第105話

「はええ、本当に500経験値が……」


 後からやってきて、俺の解説を聞いたヒーシャが感嘆した様子でこぼす。

 対する俺とナフはといえば、思った以上にヒーシャが早く来たので、急いで朝食を済ませていた。

 というか、だいぶ話し込んでいたんだな。


 しかし、俺はともかくナフだって朝食を食べ終えていない。

 実際ヒーシャが、普段より早く来たというのもあるんだろう。


「んぐ、んぐ。今日の朝食セットは当たりだね……普段よりパンがよく焼けてるよ」

「当たり外れがあるのか……いや、当然といえば当然か」


 この世界はいくら転生者が頑張ってきたとはいえ、基本的な文明レベルは中世風異世界のそれを逸脱していない。

 パンを量産する技術は、まだまだ完璧じゃない。

 いや、そんなこと考えてる場合か。

 俺はむぐむぐと、頼んだ朝食を呑み込んでいく。

 今日の朝食は、スープと焼き魚だ。

 魚はこの世界特有のもので、鮭に近いかも知れない。


「ふ、ふたりとも。ゆっくりでいいですからね?」

「わかっへる」


 食べながら返事をするんじゃない、ナフ。

 行儀が悪いぞ。


「あ、えっとそうだ……二人に食べながら聞いてほしいんですけど」


 ヒーシャがそう切り出す。


「アタシ……モンスターハウス作戦を、もうちょっと効率化できるんじゃないかなって思うんです」

「っへいうほ?」

「えっと……ってナッちゃん、口元にパンがついてるよ」


 ごしごしとナフの頬を拭うヒーシャ。

 普段はナフがヒーシャの面倒を見ている印象だが、ナフがルーズな時はヒーシャの姉力が出てくるんだな。

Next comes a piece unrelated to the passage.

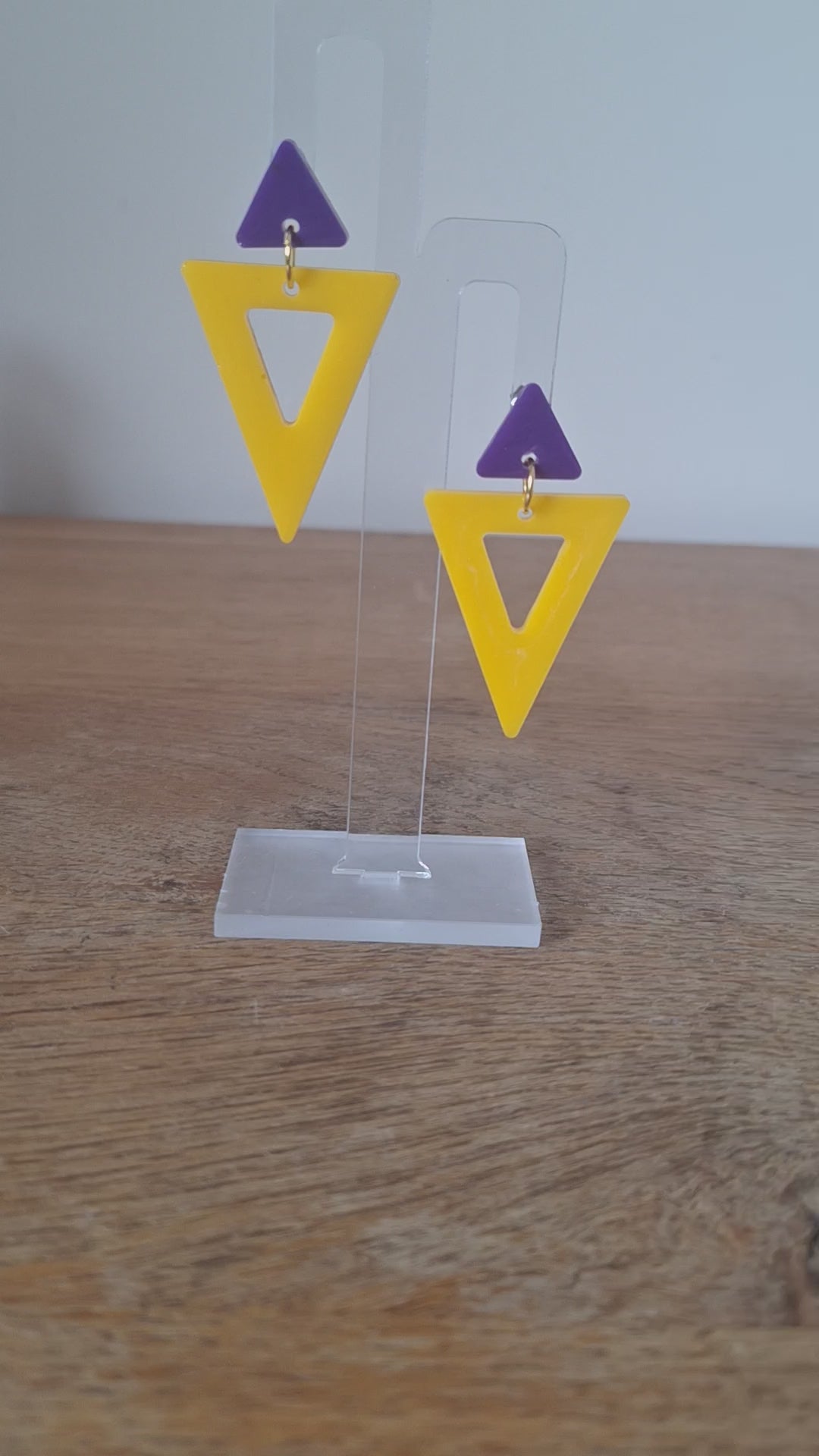 Add a dash of eccentricity to your wardrobe with our 80s inspired Sharon Triangle Earrings! Each set is one-of-a-kind as the hues are mixed by hand. These eye-catching earrings are handcrafted from resin and come with a hypoallergenic stud post. A daring and amusing way to spice up any attire!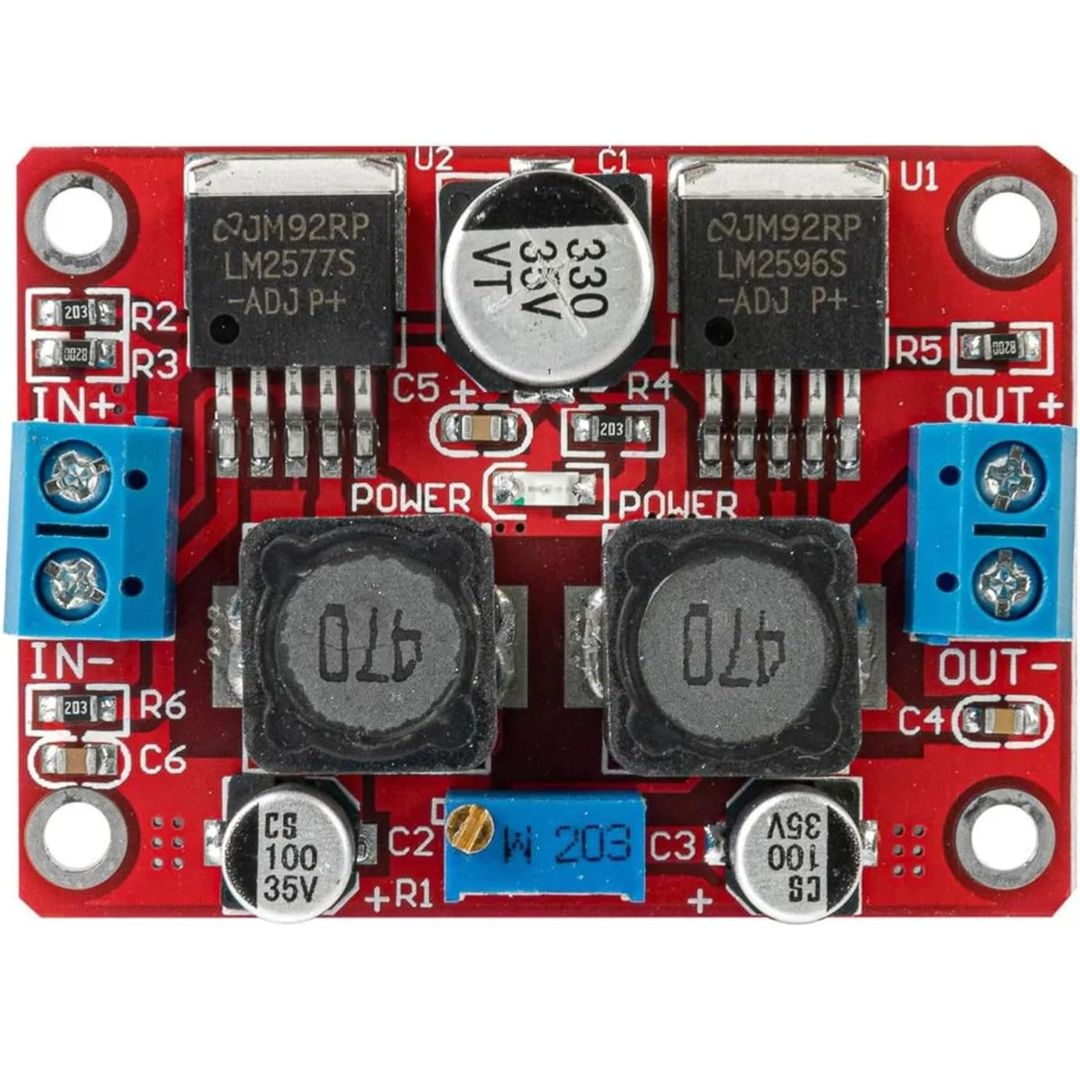 LM2577S+LM2596Sチップセットを備えた自動ブーストモジュールで電力調整を体験し、電子プロジェクトで一貫した電圧管理を実現します。

「しょ、正直……ツムラさんに初めてこの方法を説明された時は、そんなにうまくいくわけないと思ってました」

「わたひも」

「でも、実際にやってみて……戦闘中は大変ですけど、終われば本当に500点稼げちゃって」

「すごひよね」


 ナフは食べ終わってから喋ろうな?

 それにしても、ヒーシャは珍しく饒舌だ。

 これは、なんていうか。


「もし、私達がうまくできるようになれば、もっと効率よく経験値を稼げるんじゃないかって思ったんです」

「まぁ、そうだな。改善できる部分は多い」

「ですよね!」


 ずいっと、ヒーシャはこっちに身を乗り出してくる。

 なんとなく、理解ってしまった。

 コレはアレだ。



「私、!」



 ――ヒーシャ、レベリングにハマっているな?


『あーあ、沼に引きずり込まれた』

『なんて人聞きの悪い事を言うんだ』


 クロの視線が痛い。

 いや、揺り籠の中にいるから視線は感じないんだけど。

 それはそれとして、隣で顔をひきつらせているナフが何とも印象的だった。